Unfortunately, the Unsafe class does not tell much:

public native void park(boolean isAbsolute, long time);

It’s a native method which means we have to dive deeper. It turns out the implementation of the park() method JVM uses when running on Linux uses POSIX Threads API to implement thread parking.

Reproducer in C

Knowing this, I tried to create a simple reproducer in C. The idea was to remove JVM and its magic out of the equation and be as close to the metal as possible. I wrote my last non-trivial C code more than 15 years ago so this turns out to be quite challenging. I learned many things, for example I didn’t know glibc had a stub implementation of POSIX Threads API and it does nothing! So I was wondering why my `pthread_cond_timedwait()` returned immediately, without waiting for the timeout. Fortunately another colleague of mine pointed out I forgot to link the pthreads library, hence my program used the empty implementation from glibc!

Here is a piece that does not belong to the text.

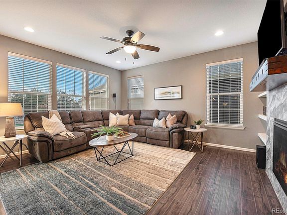 Welcome to this stunning 2-story home situated in the Sweet Grass Subdivision! As you enter through the front door, you will be greeted by the convenience of a coat closet and powder room. The open concept main level boasts a beautifully surround gas fireplace and mantel, built-in shelves, and a dining area. The well-appointed kitchen features a pantry, large island, upgraded light fixtures, dual ovens, and stainless-steel appliances. The primary bedroom on the second level features an ensuite bathroom, double sinks, and a walk-in closet. Two additional bedrooms, a full bathroom, a laundry room, and a loft that can be used as an office, flex, or lounge area complete the upper level. The basement is unfinished and has a radon mitigation system already in place, ready for your personal touch. Enjoy the fully fenced backyard with custom stamped walkway leading to it. Park your cars in the 2-car attached garage. Take advantage of the community swimming pool and covered picnic area for entertaining and relaxation. Conveniently located near parks, restaurants, shopping, and major routes for easy commuting to Denver, DIA, and Boulder. Schedule a showing of this home today to personally experience its charm and features!

Eventually I succeeded and here is a C reproducer:

#include <stdio.h>
#include <time.h>
#include <sys/time.h>
#include <stdlib.h>
#include <pthread.h>
#include <stdbool.h>
#include <sys/types.h>
#include <unistd.h>

#define CLOCK_TYPE CLOCK_MONOTONIC

void printTime(struct timespec *ts) {
    printf("%lld.%.9ldn", (long long)ts->tv_sec, ts->tv_nsec);
}

void addNanos(struct timespec *base, struct timespec *deadline, int deltaNanos) {
    deadline->tv_sec = base->tv_sec;
    deadline->tv_nsec = (base->tv_nsec) + deltaNanos;
    //todo: deal with nanos overflow
}

bool isDeadlineReached(struct timespec* deadline) {
    struct timespec currentTime;
    clock_gettime(CLOCK_TYPE, &currentTime);

    return currentTime.tv_sec >= deadline->tv_sec && currentTime.tv_nsec >= deadline->tv_nsec;
}

int initializeCond(pthread_cond_t *cond) {
    pthread_condattr_t cond_attr;
    if (pthread_condattr_init (&cond_attr)) {
        return -1;
    }
    if (pthread_condattr_setclock (&cond_attr, CLOCK_TYPE)) {
        return -1;
    }
    if (pthread_cond_init (cond, &cond_attr)) {
        return -1;
    }
    return 0;
}

int main() {
    int pid = getpid();
    printf("PID: %in", pid);
    sleep(10);
    printf("Sleeping finishedn");

    int deltaNanos = 2000;
    pthread_cond_t cond;
    pthread_mutex_t lock = PTHREAD_MUTEX_INITIALIZER;

    if (initializeCond(&cond)) {
        return -1;
    }

    struct timespec start, end, deadline;
    if (pthread_mutex_lock(&lock)) {
        return -1;
    }
    clock_gettime(CLOCK_TYPE, &start);
    addNanos(&start, &deadline, deltaNanos);

    int iteration = 0;
    while (!isDeadlineReached(&deadline)) {
        pthread_cond_timedwait(&cond, &lock, &deadline);
        iteration++;;
    }

    clock_gettime(CLOCK_TYPE, &end);
    printf("Iteration count: %in", iteration);
    printTime(&start);
    printTime(&deadline);
    printTime(&end);

    //todo: ns overflow handling
    printf("Elapsed time: %ldn", (end.tv_nsec- start.tv_nsec));
    return 0;
}

The code does very little: It acquires a mutex and then it waits on a condition with a timeout. Given there is no other thread to signal the condition then the thread should unblock only after the timeout. POSIX API allows spurious wake-ups, but we can ignore them in this experiment. A long story short: Even when the code uses a timeout of just 5,000 ns, it sleeps for almost 60 microseconds. The same behaviour as I observed in Java! This is a strong indication JVM/JDK is not causing the 50 μs step and the root cause is deeper.

Going Deeper

While running my C program with strace I noticed the `pthread_cond_timedwait()` was implemented as a futex syscall. Again, this is not very surprising:

$ 
strace -e futex ./sleepgranularity 
PID: 26955
Sleeping finished
futex(0x7fff800b3ad8, FUTEX_WAIT_PRIVATE, 0, {tv_sec=0, tv_nsec=4084}) = -1 ETIMEDOUT (Connection timed out)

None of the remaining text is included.